Зинченко устроил тогда скандал Татьяне. Она тоже на него вылупила глаза.
– Да! Да! – орал он на нее. – Человек должен пройти через грязь, вонь и харчки…
– Не должен, – тихо ответила Татьяна. – Ты думай, что говоришь… Что ж они, должны проживать наше с тобой детство? И их дети потом? Зачем же тогда все? Живи цыганом…
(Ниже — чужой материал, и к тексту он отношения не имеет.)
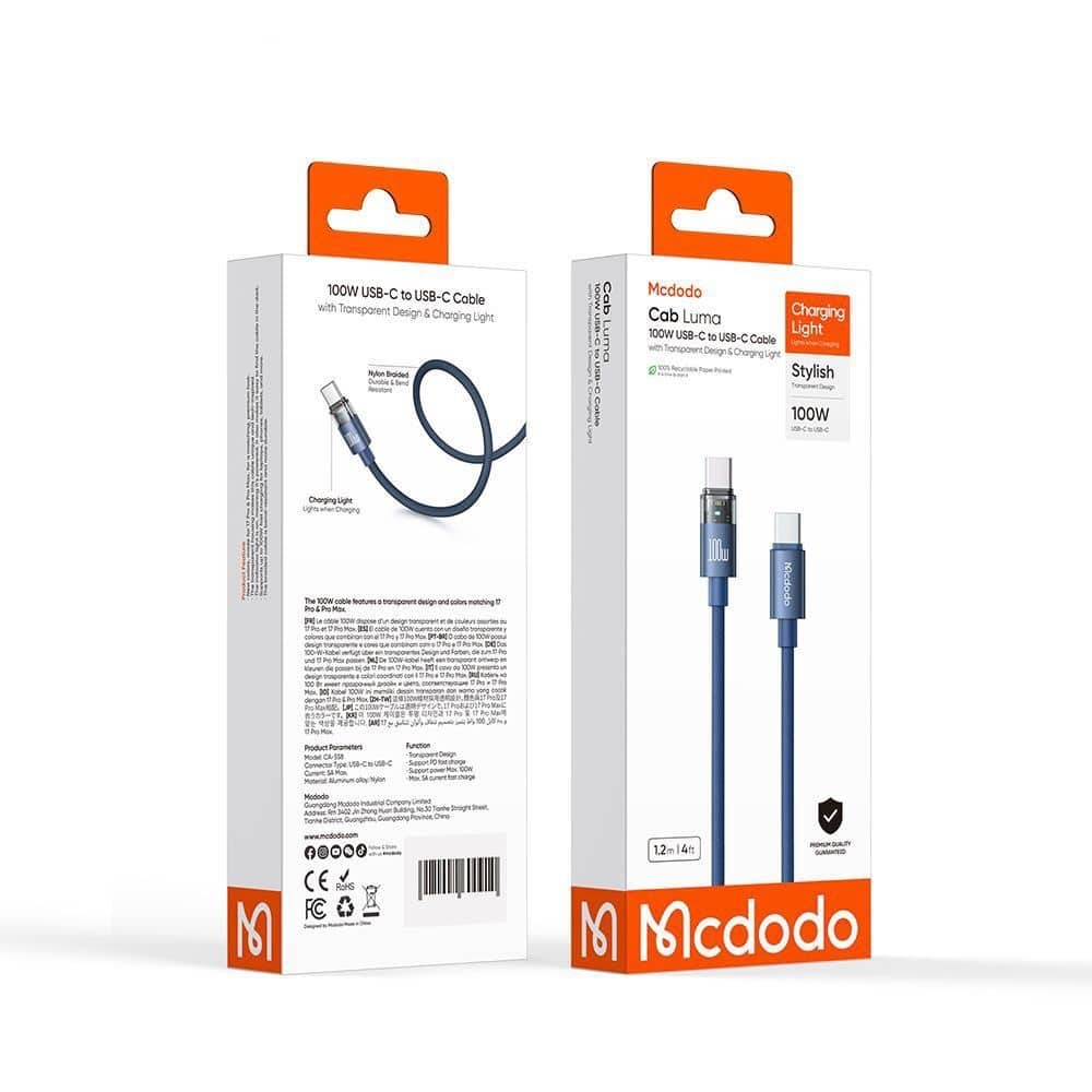 Cabo de carregamento USB-C para USB-C Mcdodo Cab Luma 100W 100% Compativel com iPhone

Почему цыганом, он не понял… Но он твердо знал: он хочет, чтоб его дети хлебнули всего того, что хлебнул он, тогда они поймут – и оценят – весь их кафель-мафель, все эти мыла-шампуни. А сразу все это давать нельзя! Его дети – доказательство того, что нельзя. Дочь, Лора, переводит какие-то книжки про художников-модернистов. Кому это надо? Зачем? Сын, идиот, учится на биофаке. Хобби, едрить его за ногу, – орхидеи. Мечтает об орхидеевой оранжерее, как у какого-то сыщика из книг, которые приносит Лора. Это Зинченко знает из редких общих семейных застолий. Как же зовут этого сыщика, черт его дери! Он толстый такой, на лифте подымается в оранжерею и много жрет. Это тоже информация из застолий. Дети, видите ли, его – сыщика! – обожают! Как же его? Два коротких слова, как айн-цвай. Так вот Володька хочет оранжерею, как у этого айн-цвая. Посмел как-то ему, отцу, высказать свою теорию, что это могло быть выгодно и государству. Зинченко тогда чуть не зашелся от возмущения. Кто размышляет о выгоде государства? Кто? Этот сопляк, который не знает, сколько стоит килограмм хлеба? Ну, сколько?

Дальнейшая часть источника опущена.